Dataset records
━━━━━━━━

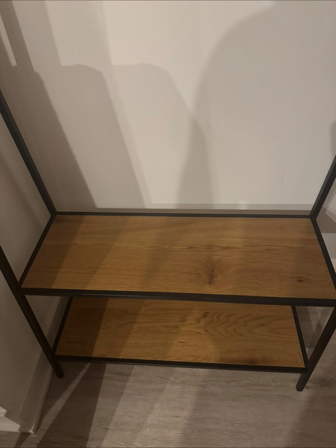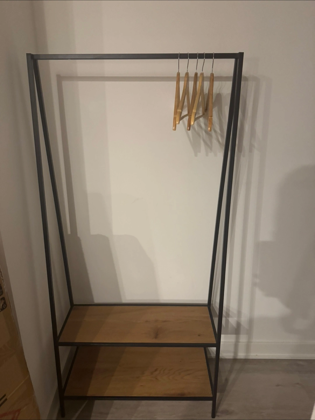 Selling this chic and sturdy 30-inch clothes rack with wood-look shelves and a sleek black frame. Super versatile for hanging clothes and storing shoes or baskets. No major damage — just doesn’t fit in my new space anymore.
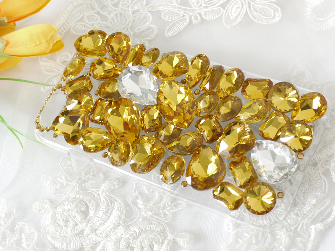 手帳型 スマホケース カバー デコ クリア 透明 ストーン きらきら 可愛い ハート
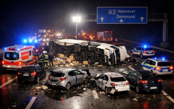 Vlotho – Auf der Autobahn A2 kam es am Montagabend, 29. Dezember 2025, zu einem schweren Verkehrsunfall in Höhe der Anschlussstelle Vlotho. In Fahrtrichtung Bielefeld kollidierten ein Möbeltransporter sowie vier Pkw miteinander. Insgesamt wurden acht Menschen verletzt, darunter auch Kinder.
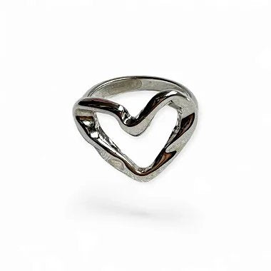 Anel Coração Vazado Prateado
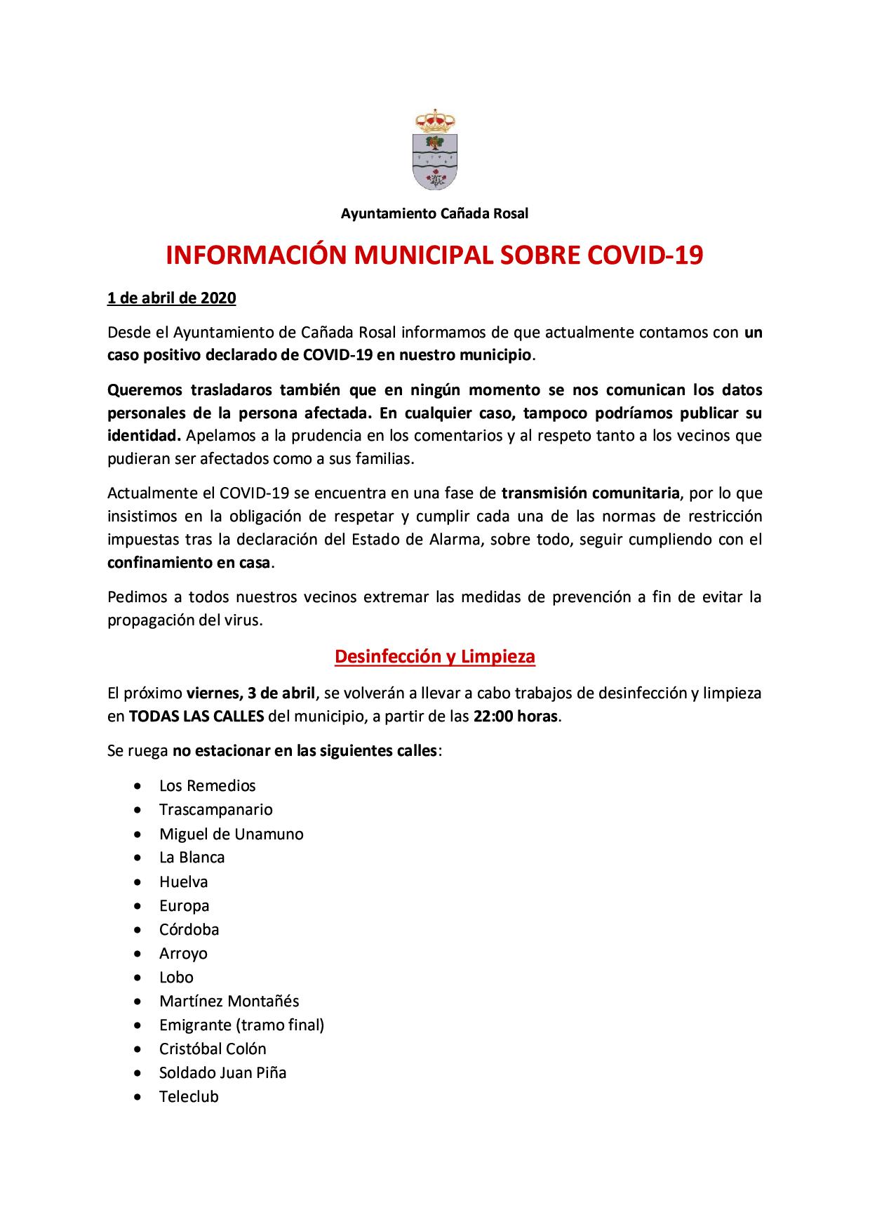 Imagen Imágenes Ubicación Categoría noticia COVID-19 Mostrar en el carrusel de la sección Sí Fecha Jue, 02/04/2020 - 11:05 Más información http://www.canadarosal.es/es/actualidad/noticias/INFORMACION-MUNICIPAL-SOBRE-CO…

━━━━━━━━

__TASK TO COMPLETE__
For this exercise, output the records exactly but omit their pictures.

__OUTPUT FOR THIS TASK__
 Selling this chic and sturdy 30-inch clothes rack with wood-look shelves and a sleek black frame. Super versatile for hanging clothes and storing shoes or baskets. No major damage — just doesn’t fit in my new space anymore.
 手帳型 スマホケース カバー デコ クリア 透明 ストーン きらきら 可愛い ハート
 Vlotho – Auf der Autobahn A2 kam es am Montagabend, 29. Dezember 2025, zu einem schweren Verkehrsunfall in Höhe der Anschlussstelle Vlotho. In Fahrtrichtung Bielefeld kollidierten ein Möbeltransporter sowie vier Pkw miteinander. Insgesamt wurden acht Menschen verletzt, darunter auch Kinder.
 Anel Coração Vazado Prateado
 Imagen Imágenes Ubicación Categoría noticia COVID-19 Mostrar en el carrusel de la sección Sí Fecha Jue, 02/04/2020 - 11:05 Más información http://www.canadarosal.es/es/actualidad/noticias/INFORMACION-MUNICIPAL-SOBRE-CO…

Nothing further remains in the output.